Each year, Social Security's Old-Age, Survivors, and Disability Insurance (OASDI) program sets a limit for the amount of earnings subject to taxes. For 2017, this limit is $127,200. This means that if you make less than $127,200, your entire earnings will be taxed for Social Security purposes, but any earnings above that threshold are exempt. This also means that someone making $127,200 a year and someone making $2 million a year will pay the exact same amount of Social Security tax under the current system, for a maximum of $7,886.40 for the year.

An increase from last year

Higher earners might feel the sting this year when they see how much money they're losing to Social Security taxes. For the past two years, the maximum income subject to Social Security taxes was $118,500. So while workers earning less than $118,500 won't notice a change in their taxes, those earning more will be impacted. Specifically, if you earn $127,200 or above, you'll pay an extra $539.40 this year in taxes, assuming you're not self-employed. If you are self-employed, your increase will double, though you will get that deduction I mentioned earlier. But because you'll be responsible for paying estimated taxes quarterly, you'll need to be prepared to fork over more of your income along the way.

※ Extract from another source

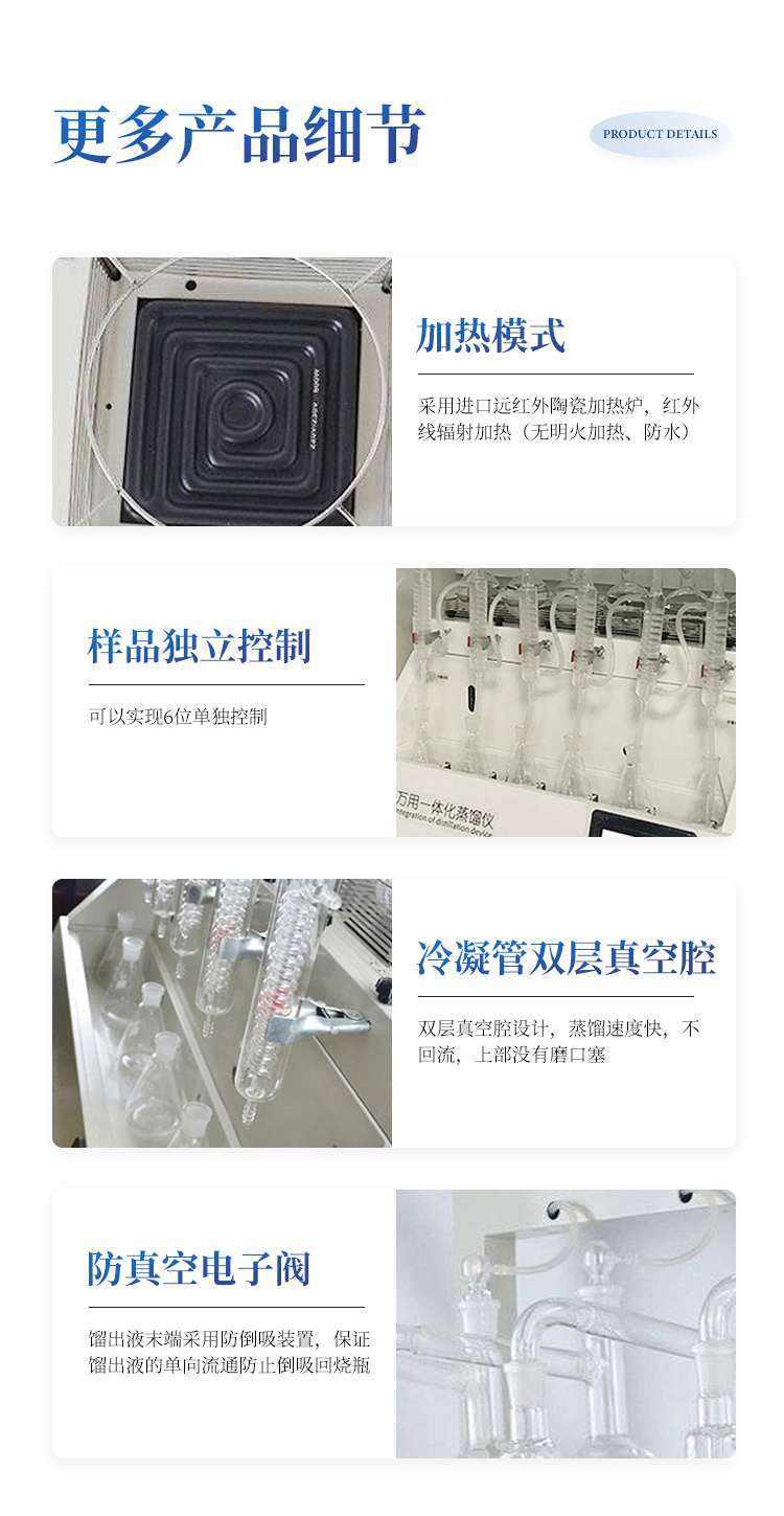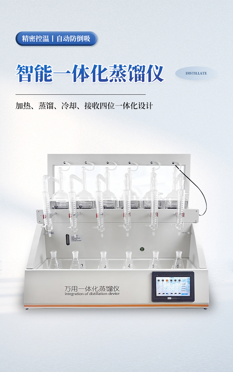 主要原理是根据药典中所提供的检测方法,将中药材以蒸馏法进行处理,样品中的亚硫酸盐系列物质加酸处理后转化为二氧化硫后,随氮气流带入到含有双氧水的吸收瓶中,双氧水将其氧化为硫酸根离子,采用酸碱滴定法测定,计算药材及饮片中的二氧化硫残留量。本产品在严格遵循药典要求的基础上,整合加热,蒸馏,水循环及氮吹等功能为一体,可同时提供3-6个样品(空白样,平行样)的处理,从而极大的提高了检测数据的精度和减少了工作时间。

This certainly isn't the first time the income cap for Social Security taxes has increased over time. The following table shows how this limit has evolved over the past decade:

Year

Maximum Taxable Income

2008

$102,000

2009

$106,800

2010

$106,800

2011

$106,800

2012

$110,100

2013

$113,700

2014

$117,000

2015

$118,500

2016

$118,500

2017

$127,200

DATA SOURCE: SOCIAL SECURITY ADMINISTRATION.

As you can see, the limit for earnings subject to Social Security taxes tends to increase over time, so don't get too comfortable with the current cap.

But there's a reason for those taxes

Nobody wants to lose extra money to Social Security taxes, but the thing to remember is that paying into the system helps ensure that it's there for you when it's your turn to collect benefits. Social Security is a critical source of income for seniors and disabled workers who need it the most, and without taxes, this crucial program couldn't exist in the first place.